REQUIRED WORK: Write out exactly the lines below from the one containing "Digital Sheet Music" to the last, both ends kept, and nothing more; skip all pictures.

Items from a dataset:
[Start of Attachment]

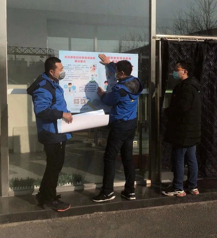 2月3日,北搪商務大廈商務中心的全體員工,在負責人朱娜的帶領下,檢查并協助物業管理公司對辦公區域進行消毒和清潔,對12層以下的客戶進行摸底排查,挨家挨戶進行在崗人數調查并記錄上報事業部,在暫時無人辦公的客戶門上張貼關于做好疫情防控的緊急通知,同時以電話或微信方式,將通知有關內容傳達給客戶,提示加強對去往疫情高發地區及接觸過疫情高發區的員工的教育,做好相應隔離防護措施,隨時溝通各自單位的防疫工作的最新動態。
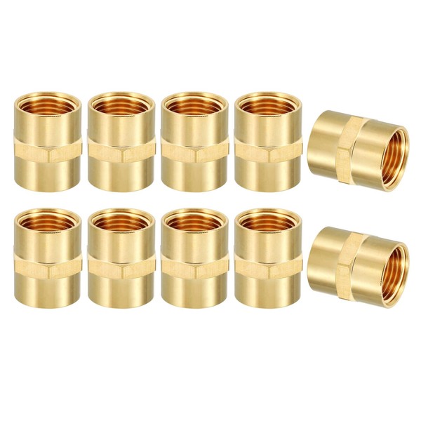 PATIKIL Brass Pipe Fittings Coupler, 2Pcs 1/2" x 1/2" NPT Female Thread Brass Hex Nipple Coupling Reducer Adapter Tubing Connector Adaptor for Water, Air, Oil, Gas Line System
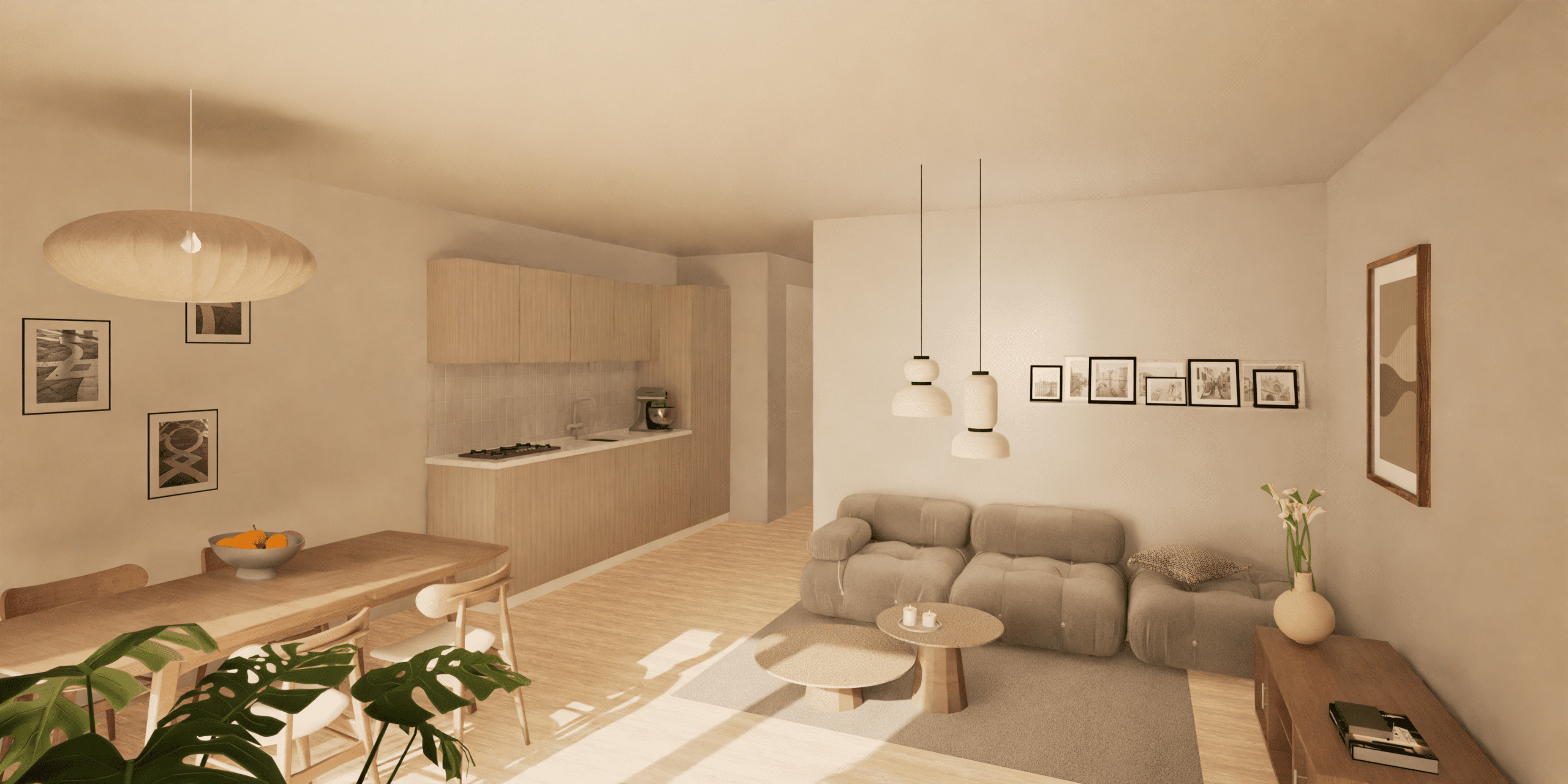 Vanaf de Raalterweg, direct aan de linker kant staat een mooi woongebouw met vier beneden- en vijf bovenwoningen. De benedenwoningen zijn efficiënt ingedeeld met een ruime living en open keuken, een grote slaapkamer met aangrenzende badkamer en een tweede slaap-, hobby- of werkkamer. Ook is er een berging. En aan de achterzijde een vrije tuin.
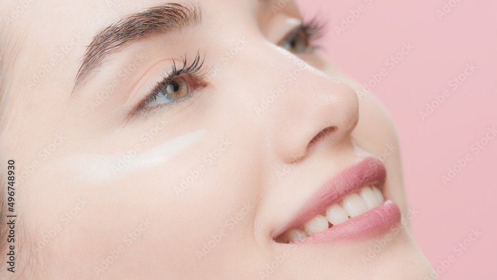 Extreme close-up of young beautiful fit Caucasian skin care woman with cream smear under her eye smiling wide against pink background | Face cream commercial concept
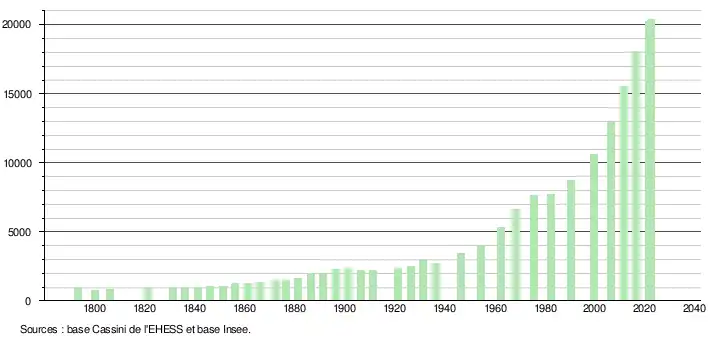 - ↑ Par convention dans Wikipédia, le principe a été retenu de n’afficher dans le tableau des recensements et le graphique, pour les populations de référence postérieures à 1999, que les populations correspondant à une enquête exhaustive de recensement pour les communes de moins de 10 000 habitants, et que les populations des années 2006, 2011, 2016, etc. pour les communes de plus de 10 000 habitants, ainsi que la dernière population de référence publiée par l’Insee pour l'ensemble des communes.
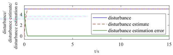 Trajectories of constant disturbance, disturbance estimate, and disturbance estimation error over time.
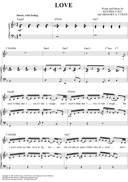 Digital Sheet Music for Love by Keyshia Cole, Greg Curtis scored for Piano/Vocal/Chords; id:388964
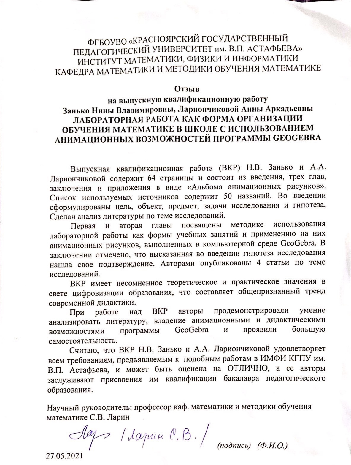 - Кафедра математики и методики обучения математике
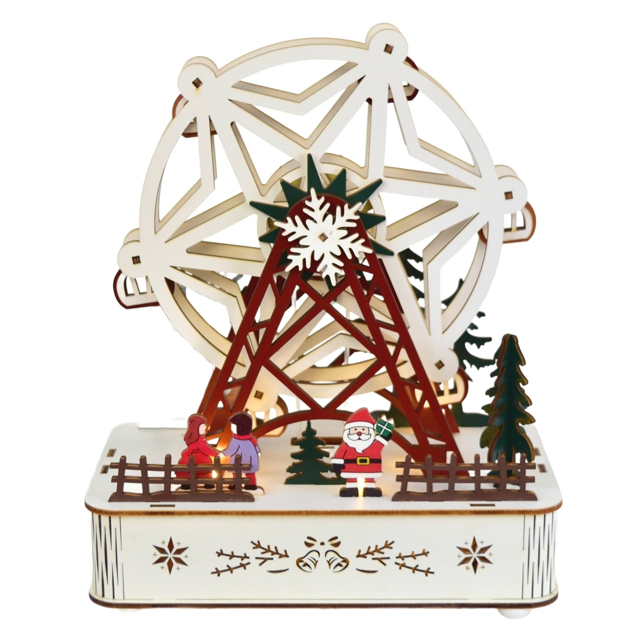 Dřevěný točící kolotoč s LED 23x22 cm
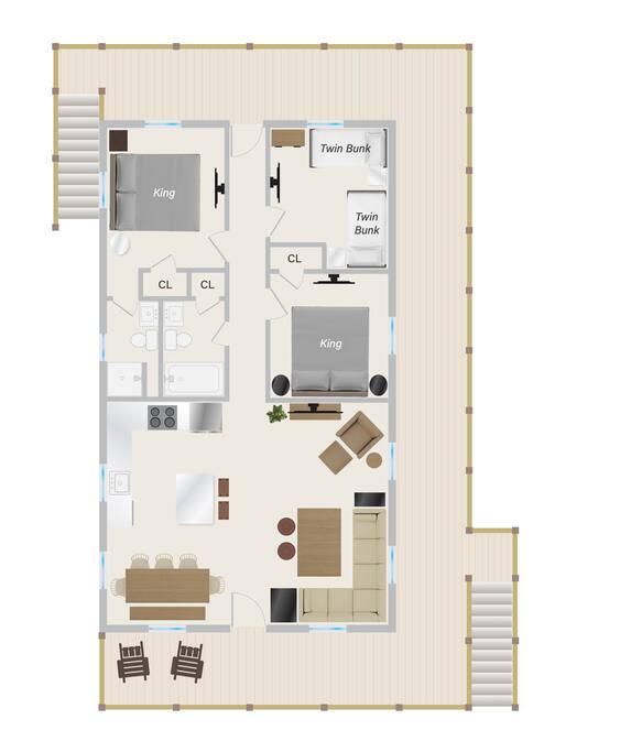 The house can accommodate up to 2 dogs with a non refundable pet fee. If you have a special request, please reach out to us. The door code is provided at the check-in time on the day of arrival. We provide linens (sheets and bath and beach towels). A booster seat and a pack ân play are also available. We provide a starter pack with the following: - toilet paper - paper towels - dishwasher tablets - laundry pods - Keurig coffee pods and tea - trash bags
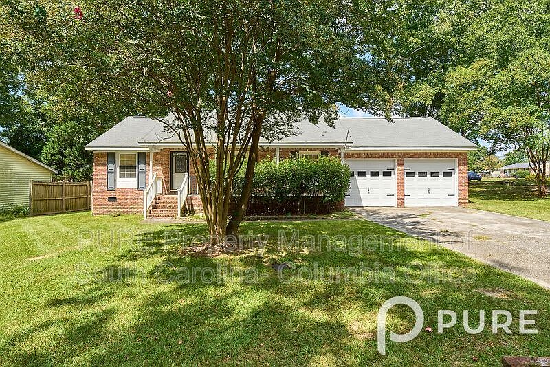 Lovely 3 bedroom, 2 full bath, brick ranch-style home in the Laurel Meadows neighborhood in W. Columbia. Home sits on a large corner lot w/ mature trees, covered front porch, 2-car garage, and mostly-fenced backyard w/ deck, paver patio, and storage shed. Laminate hardwood and LVP flooring throughout. Spacious family room w/ gas log fireplace, built-in shelving, and two ceiling fans. The kitchen features granite counter tops, an eat-in breakfast dining area w/ picture window,, and included smooth-top range, wall oven, stainless steel dishwasher, and side-by-side refrigerator. Formal dining room off kitchen could also be office, playroom, or storage. Primary bedroom suite has a walk-in closet and full bathroom w/ tiled shower. Two additional bedrooms and 2nd full bath w/ tile floors and tub/shower off the hall. Laundry/mudroom has stairs to bonus room over the garage. Convenient to Hwy 378/Sunset Blvd, I-20, and both Lexington and Columbia amenities. Lexington 2 schools.

[End of Attachment]

WRITTEN SOLUTION:
 Digital Sheet Music for Love by Keyshia Cole, Greg Curtis scored for Piano/Vocal/Chords; id:388964
 - Кафедра математики и методики обучения математике
 Dřevěný točící kolotoč s LED 23x22 cm
 The house can accommodate up to 2 dogs with a non refundable pet fee. If you have a special request, please reach out to us. The door code is provided at the check-in time on the day of arrival. We provide linens (sheets and bath and beach towels). A booster seat and a pack ân play are also available. We provide a starter pack with the following: - toilet paper - paper towels - dishwasher tablets - laundry pods - Keurig coffee pods and tea - trash bags
 Lovely 3 bedroom, 2 full bath, brick ranch-style home in the Laurel Meadows neighborhood in W. Columbia. Home sits on a large corner lot w/ mature trees, covered front porch, 2-car garage, and mostly-fenced backyard w/ deck, paver patio, and storage shed. Laminate hardwood and LVP flooring throughout. Spacious family room w/ gas log fireplace, built-in shelving, and two ceiling fans. The kitchen features granite counter tops, an eat-in breakfast dining area w/ picture window,, and included smooth-top range, wall oven, stainless steel dishwasher, and side-by-side refrigerator. Formal dining room off kitchen could also be office, playroom, or storage. Primary bedroom suite has a walk-in closet and full bathroom w/ tiled shower. Two additional bedrooms and 2nd full bath w/ tile floors and tub/shower off the hall. Laundry/mudroom has stairs to bonus room over the garage. Convenient to Hwy 378/Sunset Blvd, I-20, and both Lexington and Columbia amenities. Lexington 2 schools.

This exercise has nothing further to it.